The Modern Antiquarian. Stone Circles, Ancient Sites, Neolithic Monuments, Ancient Monuments, Prehistoric Sites, Megalithic MysteriesThe Modern Antiquarian


Round Cairn


Approaching from Domen-ddu, a mile (ish) to the approx south, I find the large, grassy cairn crowning the 1,873ft summit of Crugyn-Llwyd to be far less obvious - topographically speaking - than I had envisaged. Indeed, upon arrival, I'm not at all convinced that Coflein haven't got this one badly wrong (the shame if it - oh me of little faith]. Yeah, all hill and no cairn. Please move along. Nothing to see here. However.... persevere, since, as it happens, this is very far from the case. For although Crugyn-Llwyd has reclaimed its eponymous Bronze Age monument as if clutching it close to its evergreen breast (so to speak) for safe keeping, it is nevertheless very much still here. As it has been for millennia. Hidden in plain sight, one might say. Without doubt the most effective camouflage.

So, following my own advice (for once) I go walkabout around the summit and, upon viewing the apparent monument from various angles, find that the artificial intent underscoring what we have here soon becomes all too obvious, the grass mantle no longer sufficient to deny the insight of a somewhat wonky prehistoric antennae now tuned to more-or-less the correct band width. Hey, just needed warming up a bit. Furthermore, albeit with some not inconsiderable effort, I manage to identify some stone subsumed beneath the turf and thus satisfy any lingering doubts. This one is a 'grower', as they might say. If 'they' were ever to venture up here, of course.

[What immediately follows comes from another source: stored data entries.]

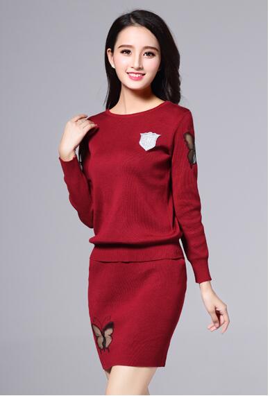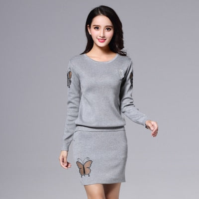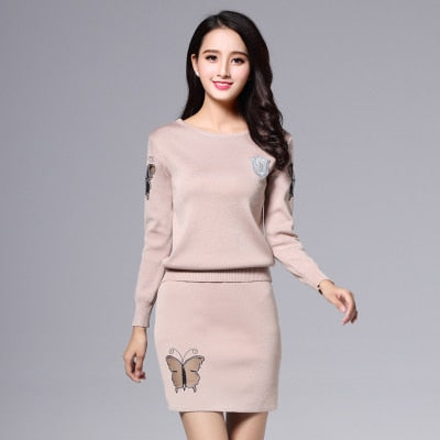 Conjuntos de falda de cintura elástica con patrón de mariposa, manga larga y cuello en forma de O
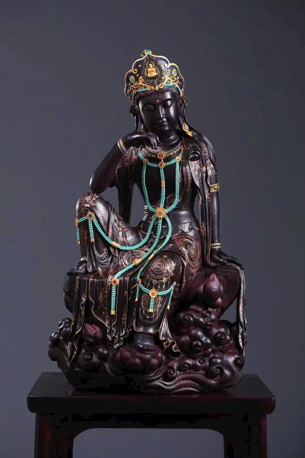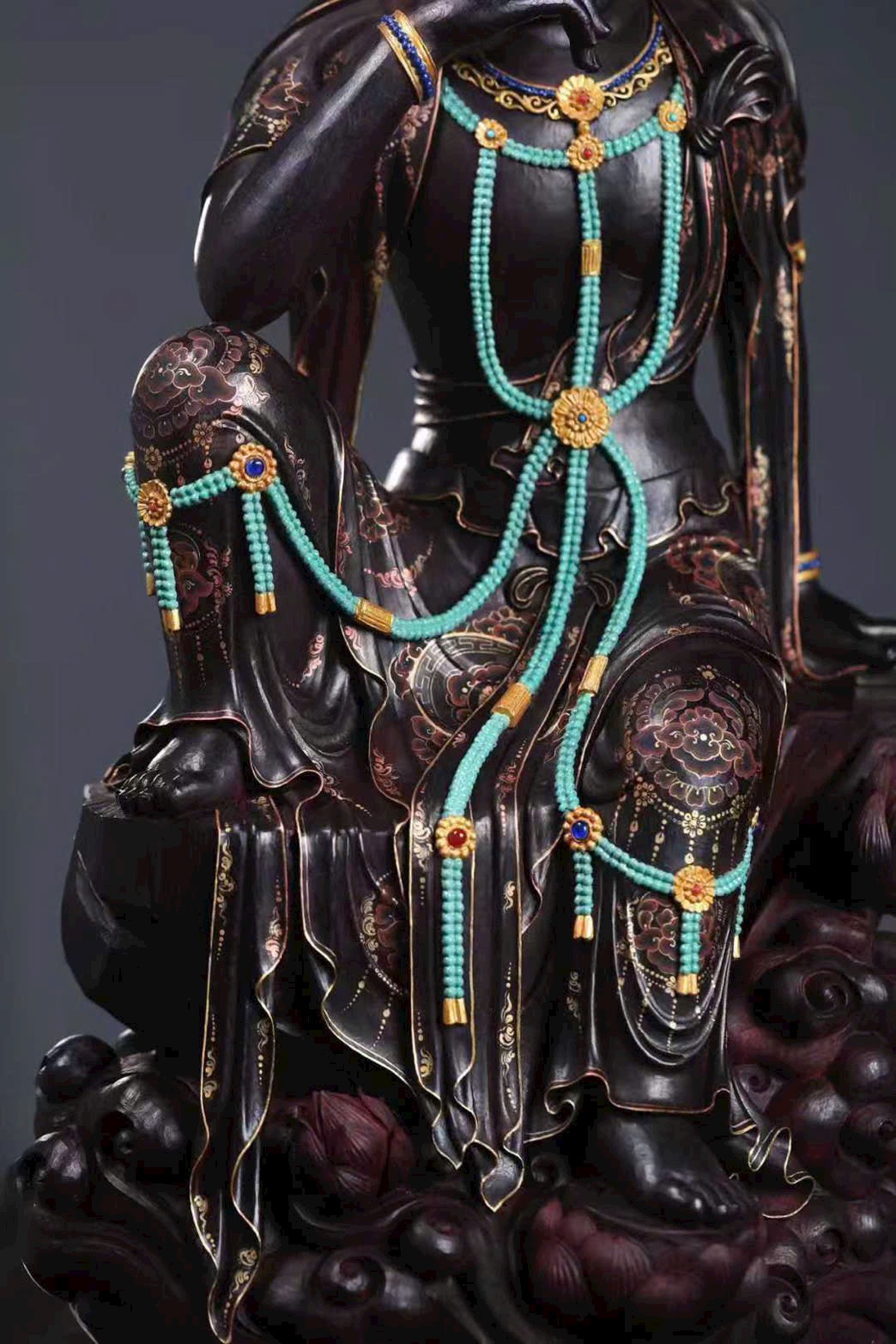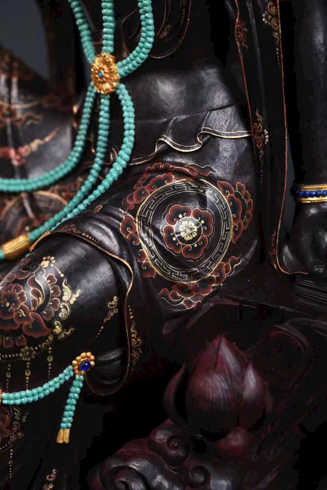 Trên thân và y phục được trang trí họa kim và tô màu thủ công, đường nét trang sức và y văn tỉ mỉ, sắc thái trang nhã rực rỡ. Toàn bộ tư thế thanh thoát, thần thái an hòa, toát lên vẻ uyển chuyển và cao khiết, thể hiện trình độ nghệ thuật xuất sắc của người sáng tác.
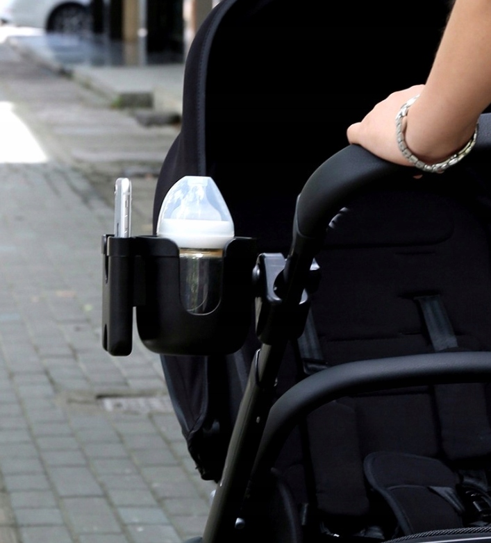 Держатель для бутылок оснащен органайзером для мобильного телефона, который позволяет держать мобильный телефон и держать руки свободными. Он позволяет катать коляску, держа в руках телефон и кофе.
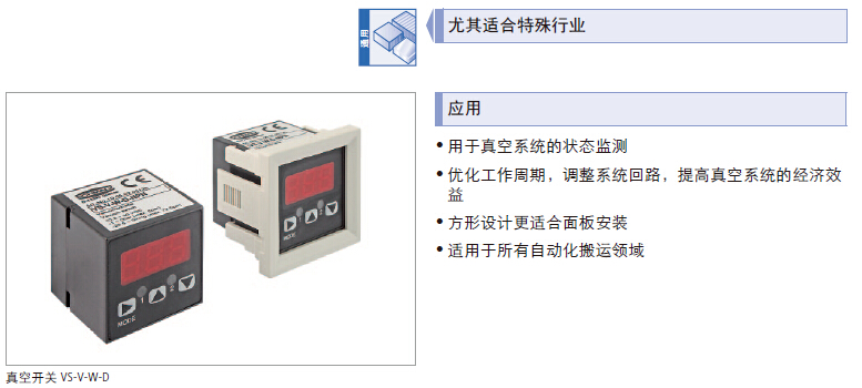 电子式真空开关,坚固的聚碳酸酯外壳;开关可选择单色或双色的显示屏;方形设计更适合面板安装,可选配带有透明保护罩的安装框架;体积小,重量轻,直接安装于搬运系统上.
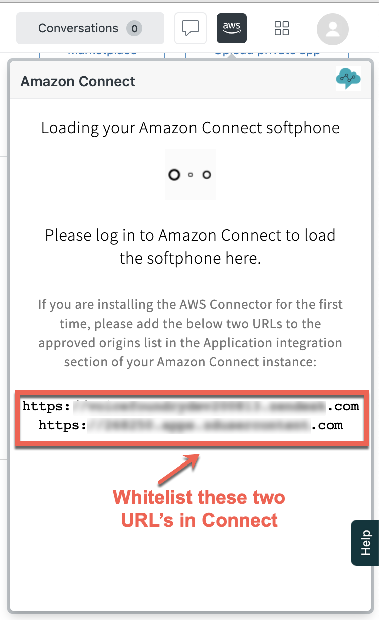 The app will display two URLs which need to be whitelisted in your Connect instance.
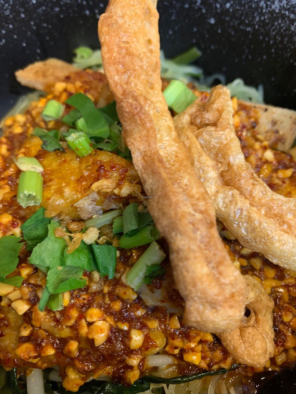 Uncomfortable that this place has Vegan in the name but lots of dishes are only vegetarian. Also, the vegan options were not all marked clearly. Had the crispy papaya salad and asked for "less spicy" but was still too hot to finish. Satay was quite plain. My partner had the mushroom duck which he said was fine but lacked flavour. Thai tea and pea flower lemonade were both great!! But disappointing they come in single-use plastic even when you eat in. Free popcorn if you write a Google review, but they wanted to see the review, take a photo of it, and then take a photo of us!! Wouldn't rush back.
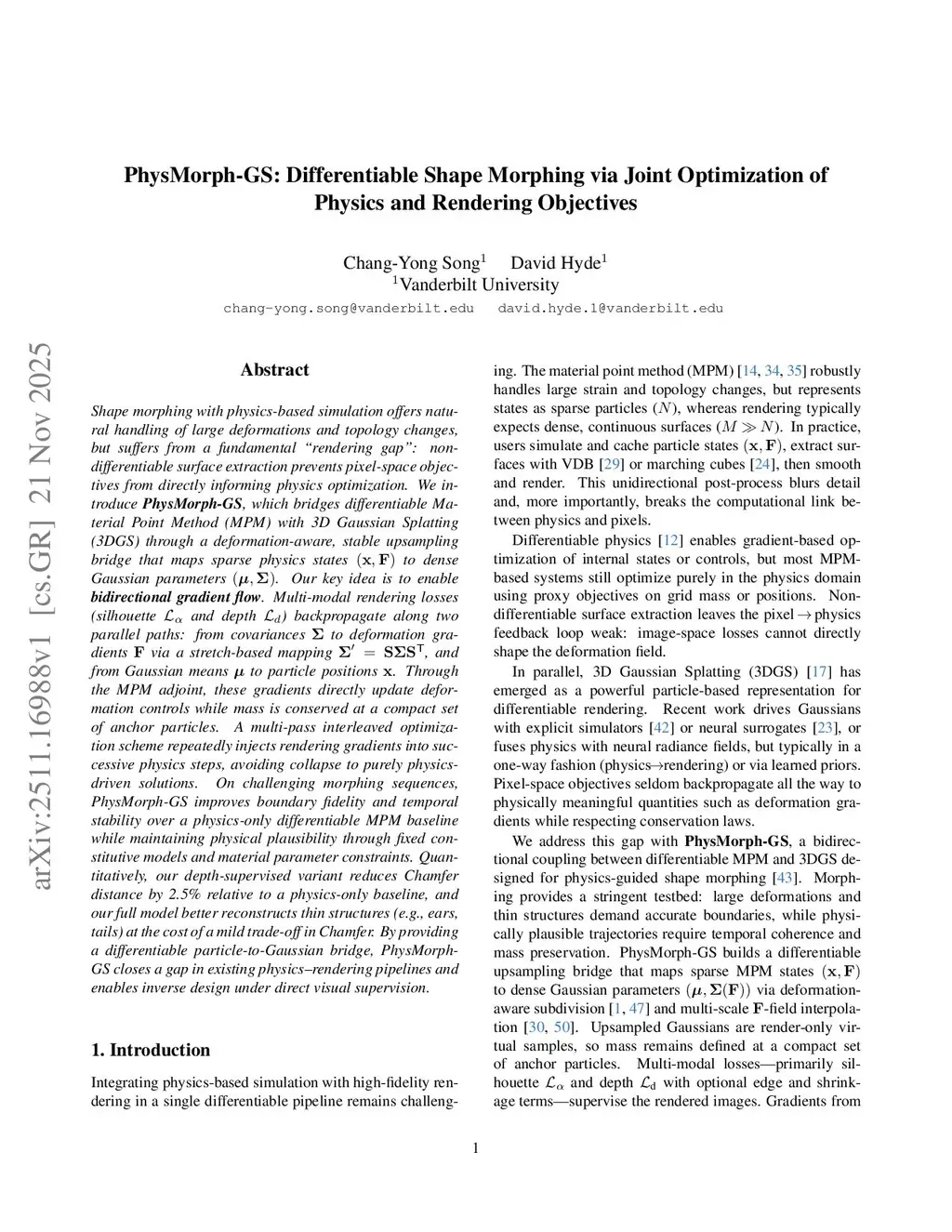 Shape morphing with physics-based simulation naturally supports large deformations and topology changes, but existing methods suffer from a "rendering gap": nondifferentiable surface extraction prevents image losses from directly guiding physics optimization. We introduce PhysMorph-GS, which couples a differentiable material point method (MPM) with 3D Gaussian splatting through a deformation-aware upsampling bridge that maps sparse particle states (x, F) to dense Gaussians (mu, Sigma). Multi-modal rendering losses on silhouette and depth backpropagate along two paths, from covariances to deformation gradients via a stretch-based mapping and from Gaussian means to particle positions. Through the MPM adjoint, these gradients update deformation controls while mass is conserved at a compact set of anchor particles. A multi-pass interleaved optimization scheme repeatedly injects rendering gradients into successive physics steps, avoiding collapse to purely physics-driven solutions. On challenging morphing sequences, PhysMorph-GS improves boundary fidelity and temporal stability over a differentiable MPM baseline and better reconstructs thin structures such as ears and tails. Quantitatively, our depth-supervised variant reduces Chamfer distance by about 2.5 percent relative to the physics-only baseline. By providing a differentiable particle-to-Gaussian bridge, PhysMorph-GS closes a key gap in physics-aware rendering pipelines and enables inverse design directly from image-space supervision.
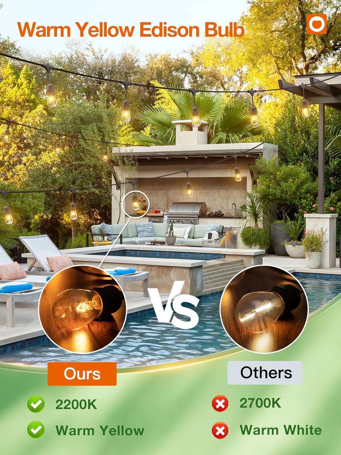 - Ideal Outdoor Lighting: It will come with 2 strands of 48FT string lights. Each strand contains 15 hanging sockets and 3 spare bulbs, provided with 18 5W S14 incandescent bulbs. The distance between bulbs is approximately 3.11FT. This heavy-duty light is bright enough and ideal illumination anywhere.

Note that not everything is rosy here. The cairn is unfortunately bisected by a boundary fence. Furthermore, the summit area to the east isn't exactly the most aesthetically pleasing in all Wales. Nevertheless this is a memorable place to be, even when lashed by periodic weather fronts, alternating with washes of golden light. A wild, uncompromising location seemingly divorced from everyday life 'down there' by some currently unquantifiable, additional dimension yet to trouble the scientists. Although to be fair Mr Hawking has probably already considered it. Whatever it is. As if to emphasise this sense of apparent 'other worldliness' a fox comes ambling by... sees the intruder.... tarries a while to check him out... then duly buggers off on his way again with a carefree 'skip' worthy of Father Dougal McGuire. Ha! Nothing to fear from that muppet, methinks...

As with neighbouring Domen-ddu, the west facing vista is quite superb; haunting, even, when perused at length under an ethereal September sky. A suitably expansive panorama for contemplating the sheer nebulosity of any notions of the passing of time, even those within scope of human comprehension. Or something like that. Maybe, on a much baser level, it's just damn beautiful. Inspiring, even?

Pegwn Bach rises to the approx north-north-west surmounted by an obvious - therefore presumably significant - 'Tumulus'. Further 'Cairns', not to mention serried ranks of wind turbines, are visible upon Pegwn Mawr beyond to the north. What with the Fowler's Arm Chair monuments located about a mile to the east it is clear quite a few homo sapiens called hereabouts 'home' back in the day. Yeah, word on the hill is a lot was goin' down back a few mill. Consequently strong walkers, or perhaps those content to spend less time sitting about than I, might consider expanding their itinerary to include the whole lot in one fell swoop?

But then again, in my opinion at least, there is a lot to be said for 'sitting about' upon hill/mountain tops.